Non sappiamo se Romano Prodi condivida lo stesso profondo ideale della gentile signorina Giulia che, alla manifestazione «antirazzista» milanese dello scorso sabato, ha esposto un cartello con la massima «meglio puttana che fascista e salviniana». Però l’ex premier ed ex presidente della Commissione europea è rientrato anche lui in gioco e ha confessato, sì, di ritenere Salvini «razzista». Un passo che la finta bonomia di Prodi gli aveva sempre trattenuto da compiere. Cosa è successo?
È successo che è stato eletto Nicola Zingaretti. Un risultato scontato, come sempre nelle primarie Pd, ma non in quella dimensione. E con Zingaretti è stato cancellato Renzi ed è tornata l’Unione: la formula che governò, si fa per dire, l’Italia dalla primavera del 2006 al gennaio del 2008 e che Veltroni credeva di avere sepolto per sempre con la nascita del Pd a «vocazione maggioritaria».
Unione vuole dire che attorno al Pd, partito solo di poco più robusto degli altri, si costruiranno alleanze che andranno dai «cattolici democratici», i «liberali» e i radicali sul suo fianco destro, a ecologisti, neocomunisti e grillini fichiani sul versante sinistro.
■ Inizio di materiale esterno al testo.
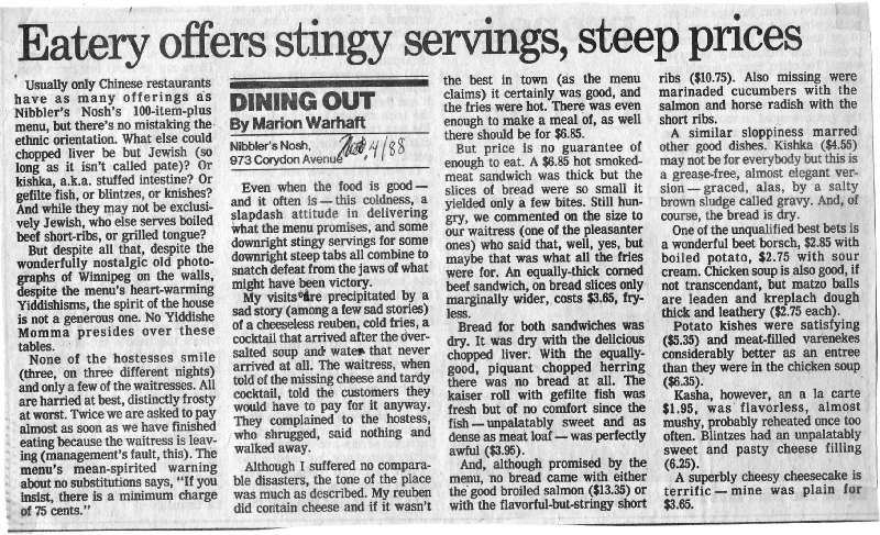 owner Winnipeg's Nibbler Nosh restaurant. He is especially embittered by a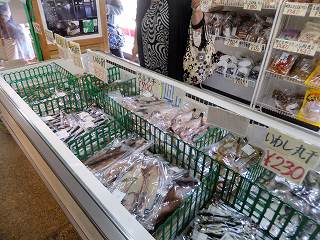 道の駅に併設された土産物売り場には海産物を中心にした商品が並んでます。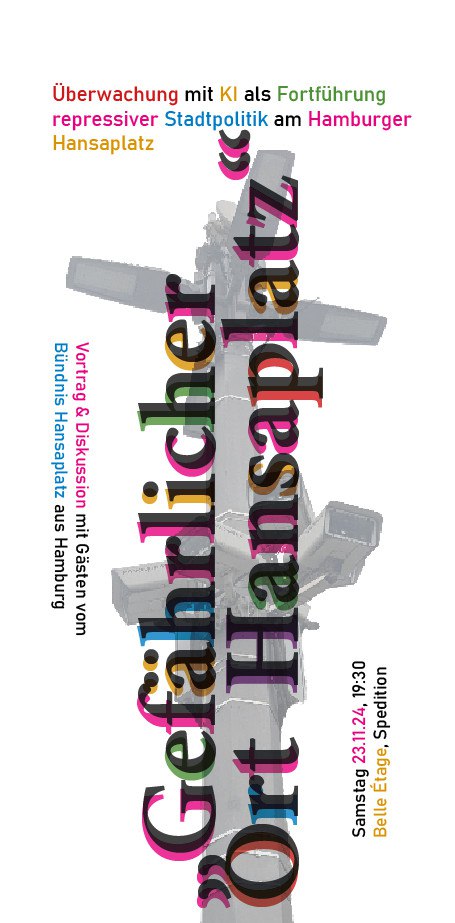In dem Vortrag werden Vertreter*innen aus dem Bündnis Hansaplatz diese Themen beleuchten und dabei auch die irreführende Kommunikation der Hamburger Behörden zur Wirksamkeit der KI-Überwachung in Frage stellen.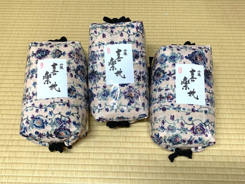 喜楽枕(俵型)も中材のソフトパイプをしっかり入れますので、生地にかなり負担がかかります。これも側生地を2重にしておきました。
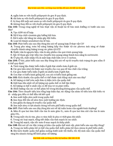 Câu 95: Bào quan nào sau đây không tham gia vào quá trình hô hấp sáng ở thực vật? A. L c l ụ p. ạ B. Ti thể. C. Ribôxôm. D. Perôxixôm. Câu 96: C i ả b p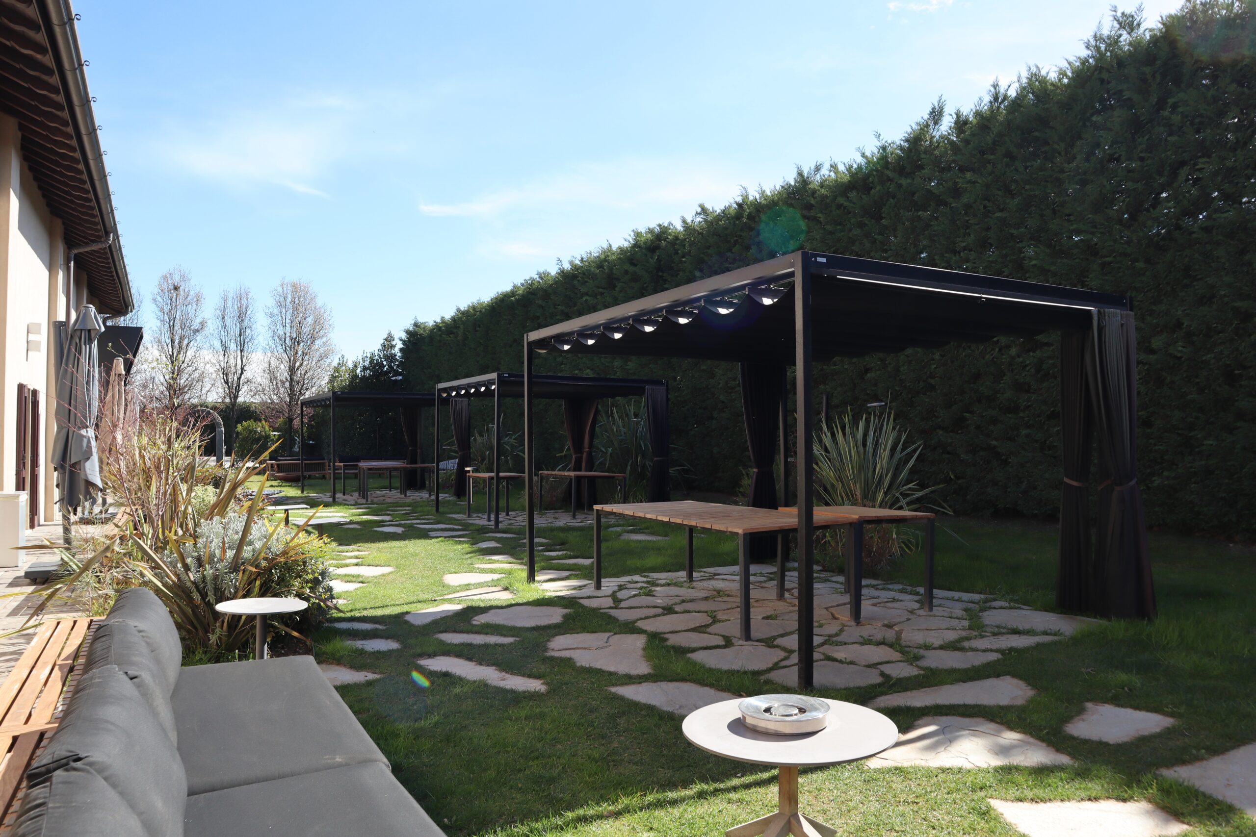 Il verde circonda tutta la struttura e ci sono spazi per mangiare all’aperto, delimititati da gazebo ben distanziati, dedicati sia al bistrot, Sottoforme, che al ristorante gastronomico. L’interno del ristorante prevede varie salette ognuna della quali si differenzia nello stile – Mi piacciono i tavoli rotondi! – e fanno parte della struttura, di proprietà di Atena, una società specializzata nella formazione professionale per aziende, privati e professionisti, anche quattro luxury suite. Ad accogliermi ecco il sorriso della bravissima maître e sommelier Elisa Redolfi. È lei la guida del personale di sala, giovane, dinamico e premuroso che si muove con nonchalance in piena sintonia con la cucina.  Una cucina concreta, essenziale, esteticamente curata dove si nota la grazia e l’eleganza di Arianna, vedi i cuoricini di petali di rose nel granchio o i fiorellini di daikon sopra gli gnocchi. Nei suoi piatti non mancano mai tecnica e originalità, due aspetti che ben si sposano con  la scelta degli ingredienti, sempre riconoscibili e dai sapori davvero intensi. Brava brava! Tra i due percorsi proposti, ho scelto Racconti.

L’Unione era tenuta in piedi solo dall’avversione, morale prima che politica, a Berlusconi. La «sinistra larga» (come si chiamerà ora) pure. O quasi, perché al posto di Berlusconi c’è Salvini, come nuovo uomo da abbattere.
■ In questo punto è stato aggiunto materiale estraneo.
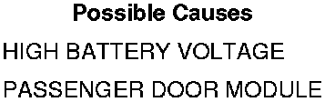 • Set Condition: When the TIPM sends a message to the door module that the input voltage of the vehicle is above 16 volts for over 15 seconds, this code will set.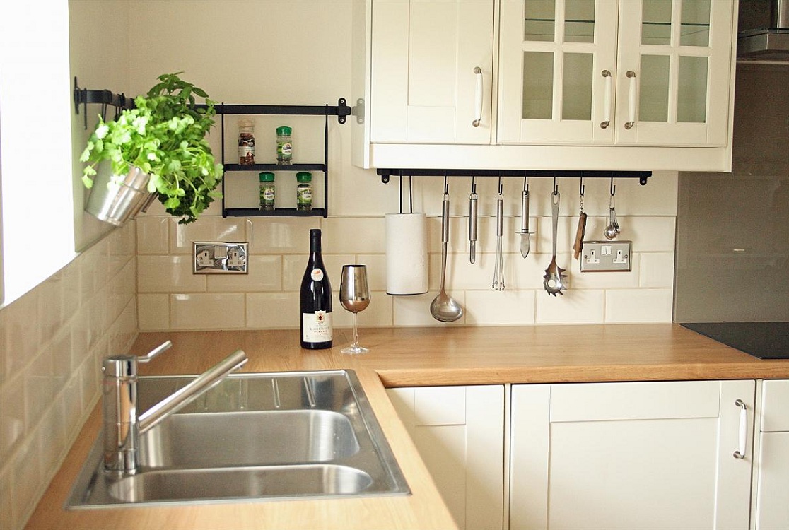Не ограничивайтесь использованием рейлинговой системы только в качестве хранения баночек со специями: расположите на одной из полке декоративный элемент – цветочный горшок с искусственной травой: он освежит вашу кухню.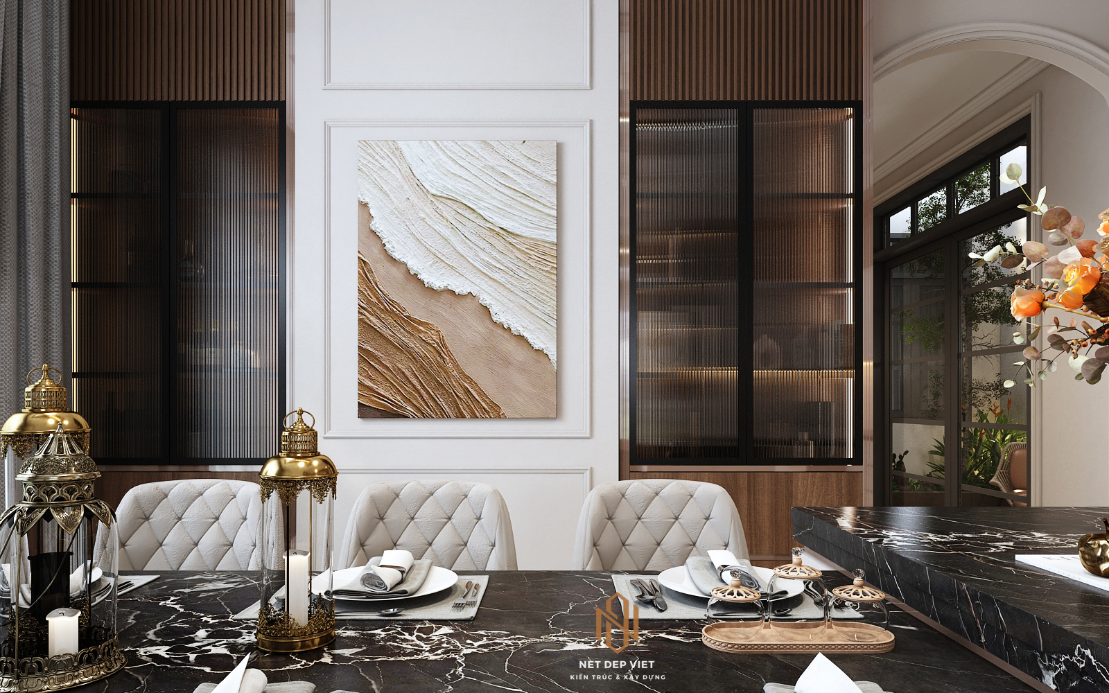 Gia tăng sự kết nối: Cửa kính lớn cũng xóa nhòa ranh giới giữa không gian sinh hoạt bên trong và khu vực sân vườn xanh mát bên ngoài.

Perché questo rassemblement eteroclita e privo di un proposta unificante stia insieme serve infatti il collante del nemico, e non può più essere l’anziano leader, ora peraltro da quelle parti persino rivalutato. Ma deve essere qualcuno di più pericoloso per le sorti dei ceti e delle corporazioni che sostengono la «sinistra larga»: appunto Salvini.
Il rassemblement eteroclita si tiene in piedi solo a una condizione: che si convincano militanti ed elettori di un’emergenza, di una minaccia tale da mettere tra parentesi le differenze programmatiche e culturali che li dividono. Allora la sinistra gridava all’emergenza, morale soprattutto, del Caimano, oggi a quella del fascismo, incarnato da Salvini. Certo, anche Berlusconi si era appioppato, e fin da subito, l’accusa di fascista, ma nel caso di Salvini essa è potenziata da tre fattori, in Berlusconi assenti o meno evidenti.
Fattore 1: il «razzismo». Diversamente da quanto ritiene Prodi, il ministro dell’interno non è certo razzista. Ma nel codice della nuova/vecchia sinistra, razzista è chiunque ostacoli l’immigrazione incontrollata (ragion per cui anche lo stesso Minniti si era meritato l’epiteto).
Fattore 2: l’«autoritarismo antidemocratico». Naturalmente Salvini non è autoritario. Ma nel codice della nuova/vecchia sinistra, autoritario è chiunque ritenga che, tra i delinquenti e la gente comune, sia più dignitoso schierarsi per i primi, che avranno pure le loro ragioni (povertà, emarginazione ecc.)
Fattore 3: «l’antieuropeismo». Salvini non vuole distruggere la Ue, ma nel codice della nuova/vecchia sinistra «anti-europeo» è chiunque critichi la demenziale gestione di questi anni e voglia riportare il fulcro delle sovranità verso le nazione.